ECCCos from the Black Box. Faithful model explanations through… | by Patrick Altmeyer

Faithful model explanations through energy-based conformal counterfactuals

Counterfactual explanations offer an intuitive and straightforward way to explain opaque machine learning (ML) models. They work under the premise of perturbing inputs to achieve a desired change in the predicted output.

If you have not heard about counterfactual explanations before, feel free to also check out my introductory posts: 1) Individual Recourse for Black Box Models and 2) A new tool for explainable AI.
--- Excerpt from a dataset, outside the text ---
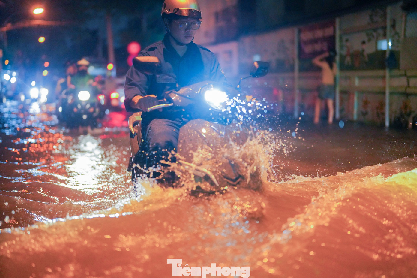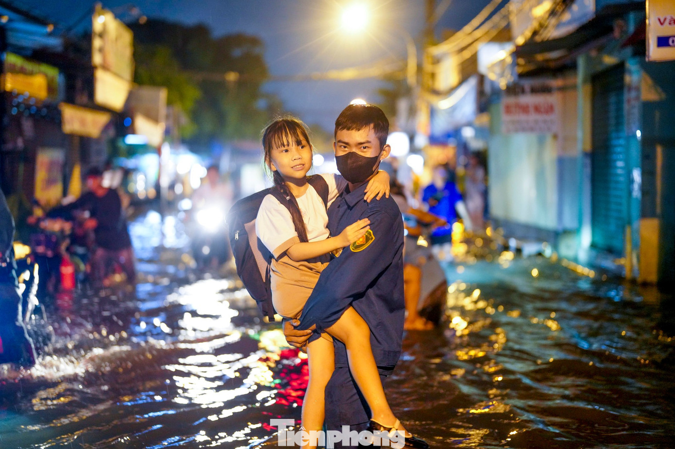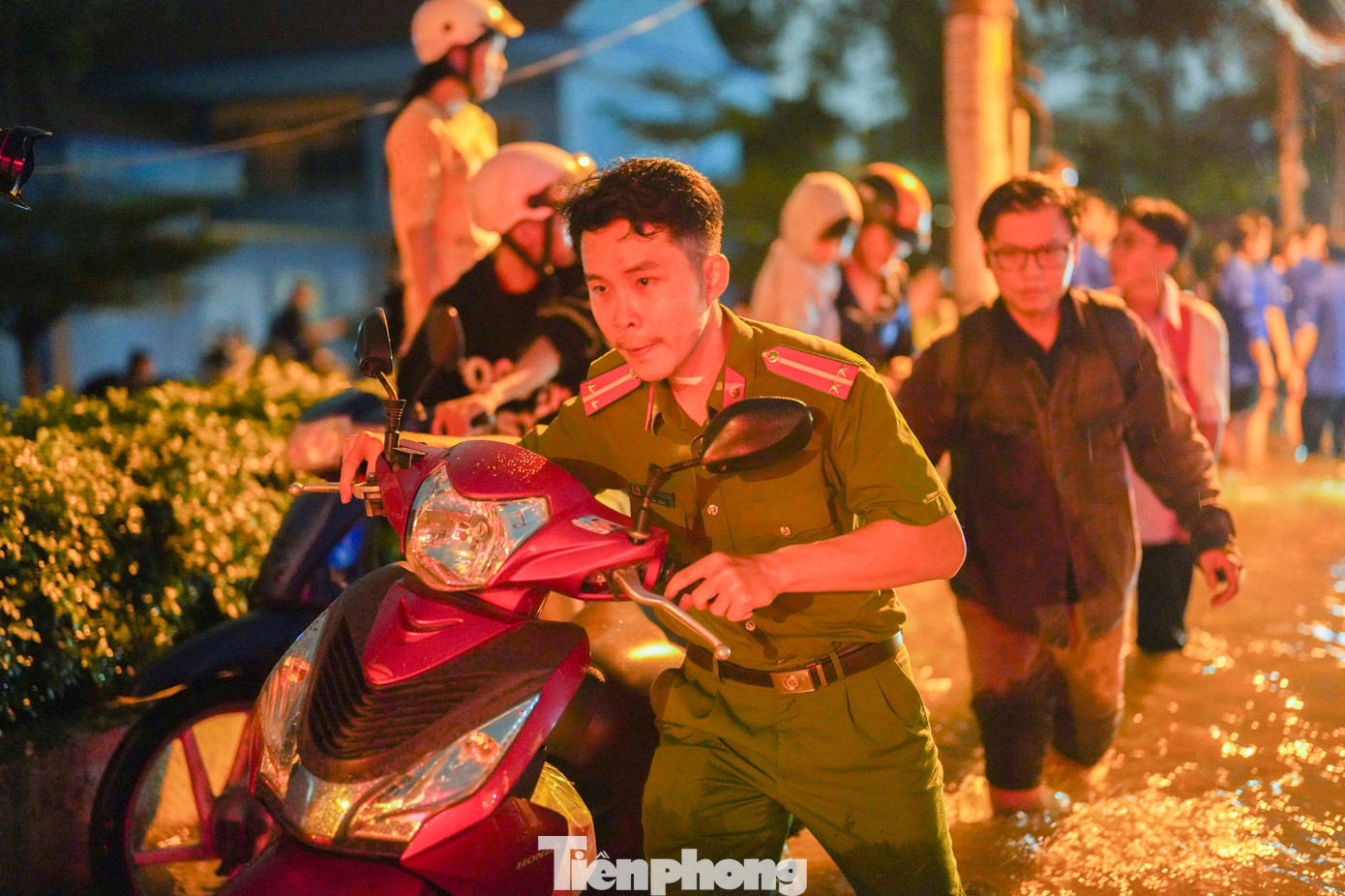 Các chiến sĩ công an, dân quân trẻ bế học sinh trên tay, dẫn hộ xe máy cho người dân, lội bì bõm giữa dòng xe đang ngập nước.

There are typically many ways to achieve this, in other words, many different counterfactuals may yield the same desired outcome. A key challenge for researchers has therefore been to, firstly, define certain desirable characteristics of counterfactual explanations and, secondly, come up with efficient ways to achieve them.

One of the most important and studied characteristics of counterfactual explanations is ‘plausibility’: explanations should look realistic to humans. Plausibility is positively associated with actionability, robustness (Artelt et al. 2021) and causal validity (Mahajan, Tan, and Sharma 2020). To achieve plausibility, many existing approaches rely on surrogate models. This is straightforward but it also convolutes things further: it essentially reallocates the task of learning plausible explanations for the data from the model itself to the surrogate.
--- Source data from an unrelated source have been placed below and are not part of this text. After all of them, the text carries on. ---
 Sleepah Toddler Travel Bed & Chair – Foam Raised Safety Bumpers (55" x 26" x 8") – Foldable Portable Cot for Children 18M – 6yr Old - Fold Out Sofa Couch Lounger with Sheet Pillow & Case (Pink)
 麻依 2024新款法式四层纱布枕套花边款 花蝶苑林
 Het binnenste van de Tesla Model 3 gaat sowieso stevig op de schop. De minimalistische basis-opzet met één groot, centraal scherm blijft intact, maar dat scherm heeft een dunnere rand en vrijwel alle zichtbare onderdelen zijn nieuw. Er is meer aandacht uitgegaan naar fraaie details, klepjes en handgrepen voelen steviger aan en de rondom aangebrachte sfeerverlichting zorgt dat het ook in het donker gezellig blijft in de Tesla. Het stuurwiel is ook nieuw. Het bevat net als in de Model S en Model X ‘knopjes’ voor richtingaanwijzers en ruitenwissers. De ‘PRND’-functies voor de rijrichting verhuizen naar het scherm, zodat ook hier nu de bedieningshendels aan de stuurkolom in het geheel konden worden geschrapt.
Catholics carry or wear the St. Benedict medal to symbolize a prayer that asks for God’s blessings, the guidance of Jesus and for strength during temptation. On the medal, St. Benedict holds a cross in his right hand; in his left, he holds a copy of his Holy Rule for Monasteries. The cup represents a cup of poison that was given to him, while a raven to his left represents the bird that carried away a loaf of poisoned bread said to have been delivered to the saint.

In our AAAI 2024 paper, Faithful Model Explanations through Energy-Based Conformal Counterfactuals (ECCCo), we propose that we should not only look for explanations that please us but rather focus on generating counterfactuals that faithfully explain model behavior. It turns out that we can achieve both faithfulness and plausibility by relying solely on the model itself, leveraging recent advances in energy-based modelling and conformal prediction. We support this claim through extensive empirical studies and believe that ECCCo opens avenues for researchers and practitioners seeking tools to better distinguish trustworthy from unreliable models.

This is a companion post to our recent AAAI 2024 paper co-authored with Mojtaba Farmanbar, Arie van Deursen and Cynthia C. S. Liem. The paper is a more formal and detailed treatment of the topic and is available here. This post is intentionally free of technical details, maths or code. It is meant to provide a high-level overview of the paper.